I belong to a Facebook group called The Brutalism Appreciation Society; it has 64,000 members. Every day, they post photos of gorgeous concrete slabs and stairwells and walkways, all the crumbling, soaring futurist visions of socialist utopia from the 1960s, 70s and 80s from all over the world. The members love the architecture that everybody still seems to hate: the brooding blocky masses of university libraries, the Jetsons car parks awaiting demolition, the terrifying public housing towers between overpasses, the empty communist hotels.
And we are far from alone. A movement to recognize and preserve this architecture is building powerfully – especially in Britain, where town councils don’t seem to hesitate to pull down concrete buildings they don’t like, regardless of their architectural originality and ambition.

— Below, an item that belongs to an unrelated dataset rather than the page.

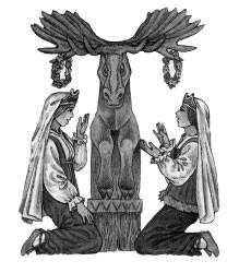 Древние язычники поклонялись природным стихиям. Они верили, что произошли от диких животных, поэтому уважали зверей, как собственных предков. Хозяином леса считался медведь. С пробуждением медведя от зимней спячки славяне связывали весеннее пробуждение природы. Медведь считался самым мудрым зверем и защищал от всевозможных бед. Имя священного медведя было столь почитаемо, что его не произносили вслух. Его называли Михайло Потапычем, Топтыгиным или Мишкой. Богиней плодородия считалась Олениха (лосиха). Ее рога были символом солнечных лучей. Считалось, что оленьи рога, прикрепленные над входом в избу, защищают от любого колдовства. Женщины носили «кичку» – головной убог с рогами, сделанными из ткани. Кичка возвеличивала свою владелицу, уподобляя ее богине плодородия.
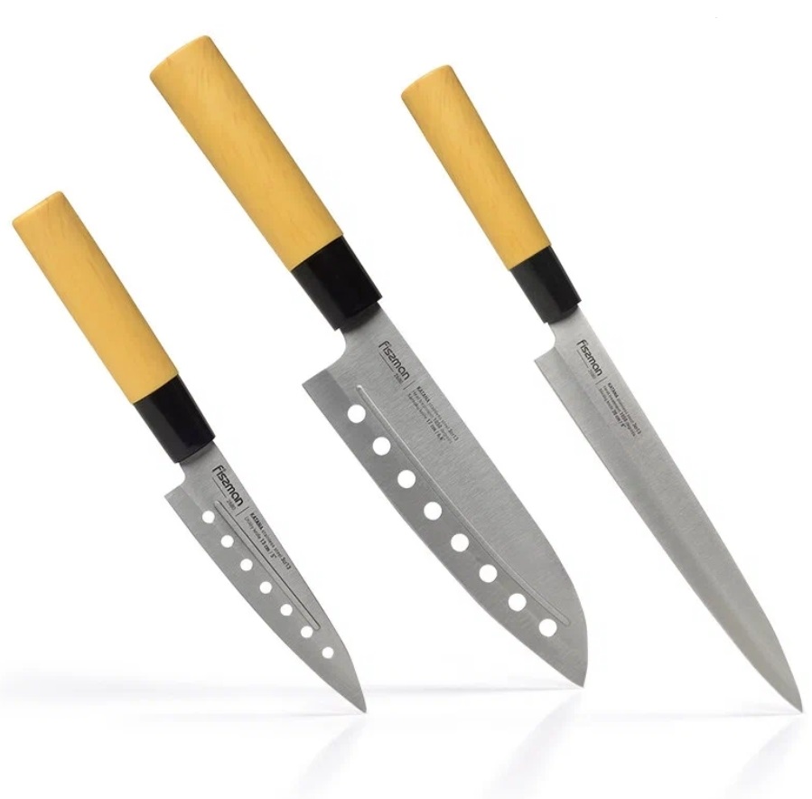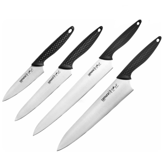 Еще один набор ножей от Samura, который включает 3 ножа с разной длиной лезвия (максимальная составляет 20,8 см) и заточенных под разные задачи: от резки фруктов/овощей до разделки мяса. Их лезвия выполнены из нержавеющей стали, а рукоятки из пластика. Таким образом, они имеют долгий срок службы, а во время готовки не выскальзывают из рук.

Perhaps as part of this movement, art book publisher Phaidon released last fall a massive – one can’t help but say brutally massive – Atlas of Brutalist Architecture, with 560 pages of black-and-white photographs of geometric buildings from around the world.
Each photo is annotated with a descriptive history and a code indicating whether the building is still in use, in good condition, demolished or given heritage status. It contains early examples of the forbidding style – a German hat factory from 1923 by architect Eric Mendelsohn, for example – and very recent ones that purists may not consider part of the golden age of Brutalism (the 2013 Fogo Island Inn in Newfoundland, by Saunders Architecture).
The book’s introduction is a history of the movement. The origins of the name Brutalism are disputed: Béton brut, raw concrete, was the favourite material of Le Corbusier, but there were also Swedish architects in the 1940s who used the term Nybrutalism (new brutalism), and then the British critic Reyner Banham, um, concretized the term in his 1955 essay The New Brutalism, in which he stressed the valuation of building materials “as found” (i.e. without finishing).
I got this expensive book ($195 from the publishers) as a birthday present and I have been spending hours poring over these fantastical structures. I get as much pleasure from these designs as I do from any art. What is it exactly that makes Brutalism – the poster child for the soulless and inhuman, the archetype of impractical and utopian social scheming – so inspiring to me and to the legion of revivalists buying this book?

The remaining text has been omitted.